Harkins, Kaufman, Kivinen, Kent, Perlman                        [Page 5]


INTERNET DRAFT                                             February 2002


   and Bob chooses. Why is it necessary to negotiate? Why not let one
   side or the other choose? Suppose IPsec just agreed upon a particular
   set of cryptographic algorithms, and, say, Bob told Alice what
   cryptographic algorithms to use. The problem with this is that if the
   world ever wanted to phase in a new cryptographic algorithm, there
   would be no way to do it until Bob could be assured that all the
   clients had upgraded to support it.

   In SSL, cryptographic negotiation is based on complete suites rather
   than, as in IKEv1, individually negotiating each cryptographic
   algorithm. In the first draft of IKEv2 we cleaned up the syntax
   somewhat to avoid exponential explosion if many of one type of
   algorithm can work with any of a number of choices for some other
   type of algorithm. We argued on the list and during the meeting for
   moving towards suites.

   We considered switching over to suites in this draft of IKEv2, but we
   got a surprising amount of feedback that people prefer negotiating
   individual algorithms. Since there was no compelling reason to
   change, and most opinions we heard were in favor of individual
   algorithm negotiation, we kept it the way it was. If there were
   working group consensus to move to suites, we would be delighted to
   make the change.

   3.0 Changes in this version of the draft

   Very little needed to be changed from the previous draft of IKEv2.
   In this section we describe the changes we considered making, but
   decided against, and the changes we did decide to make.

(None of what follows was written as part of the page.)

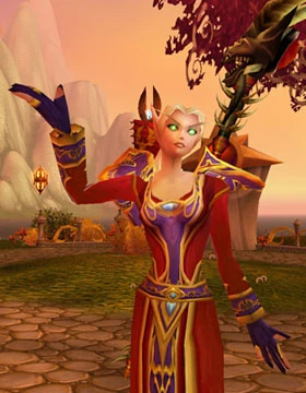 En Blood Elf magiker i magisterutustning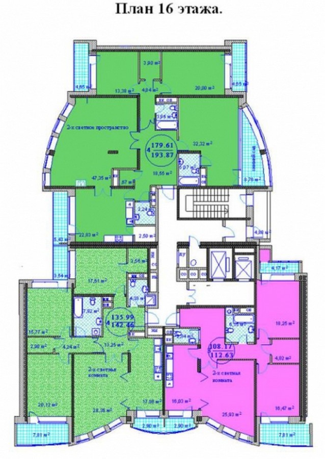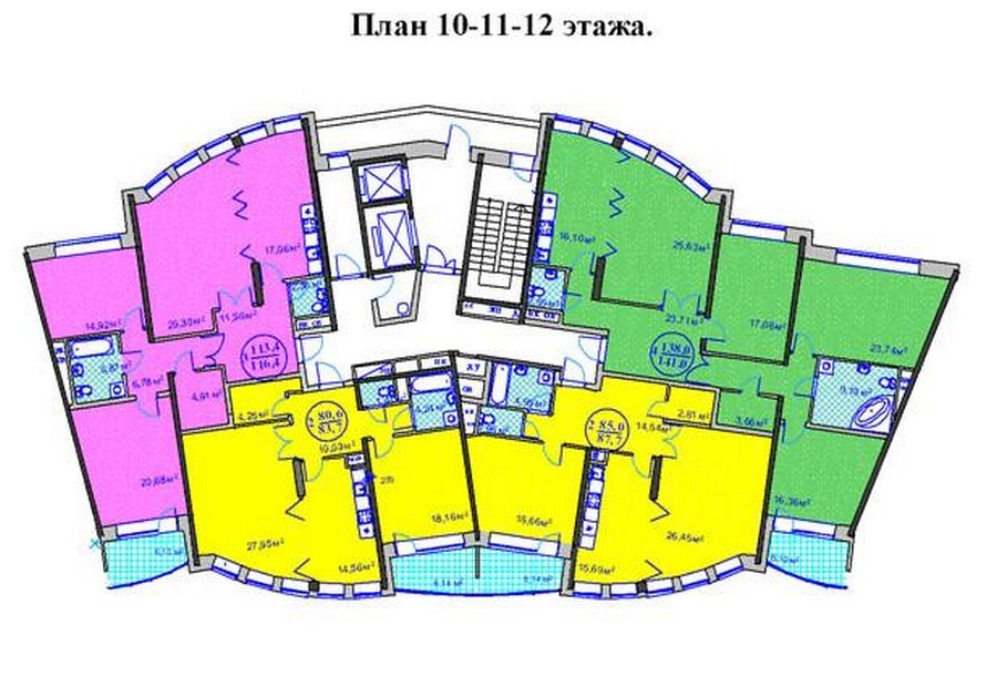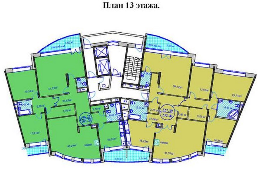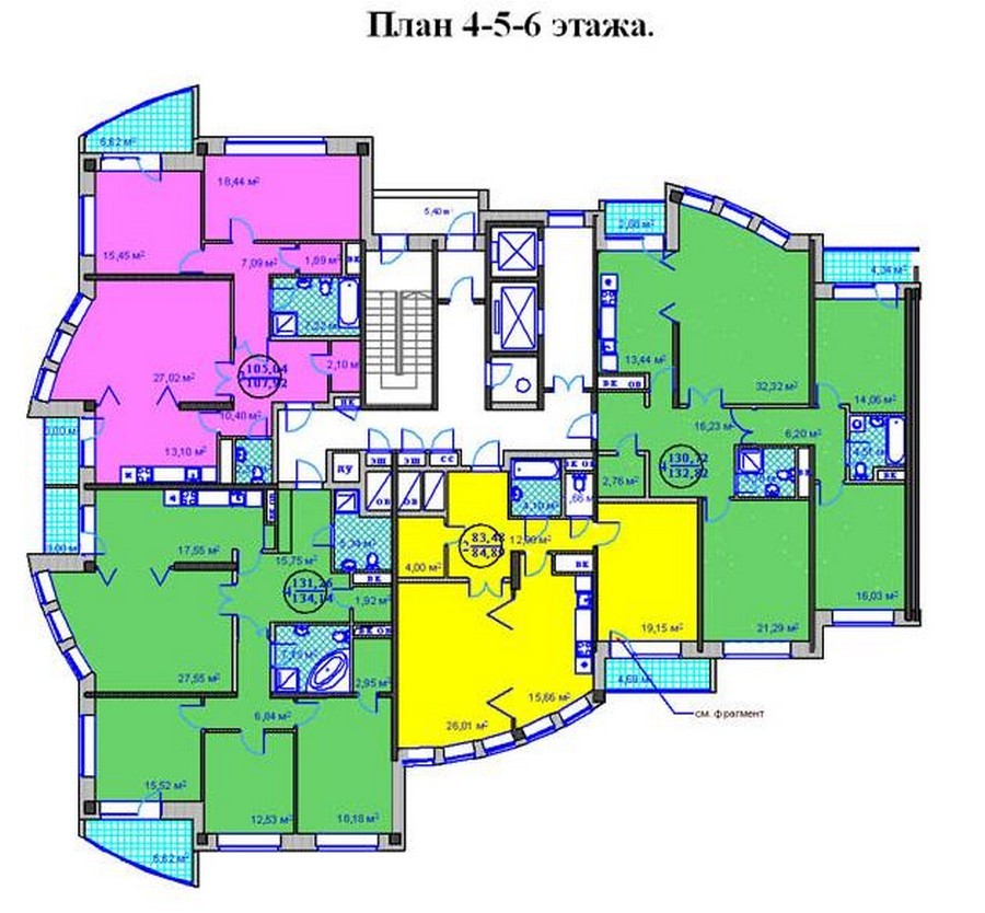 В новостройке размещены квартиры площадью 73,83 - 221,3 кв. м (двухкомнатные квартиры – 73,83 кв. м, 3-комнатные – 106 кв. м, четырехкомнатные – 130 кв. м). В апартаментах устанавливаются стеклопакеты с тройным остеклением, 2 санузла. Дизайн-проектом предусмотрено включение в их планировку лоджий, эркеров, гардеробных. Высота потолков – 3 м. Имеется трехуровневый подземный паркинг.

   3.1 Changes we considered and rejected

   We considered making the following changes, but decided against them:

   - negotiating cryptography with suites rather than individual
   algorithms

   - changing the encoding to "type of this payload" rather than "type
   of next payload". We find the "type of next payload" harder to
   understand, and if we had been laying out the packet formats from
   scratch, we would have argued for that encoding. However, there is no
   compelling reason in terms of compactness or parsing efficiency to
   change it, and one of our stated goals in IKEv2 was not to make
   "gratuitous changes" so that implementers might be able to reuse
   code. This change would have been totally a subjective preference.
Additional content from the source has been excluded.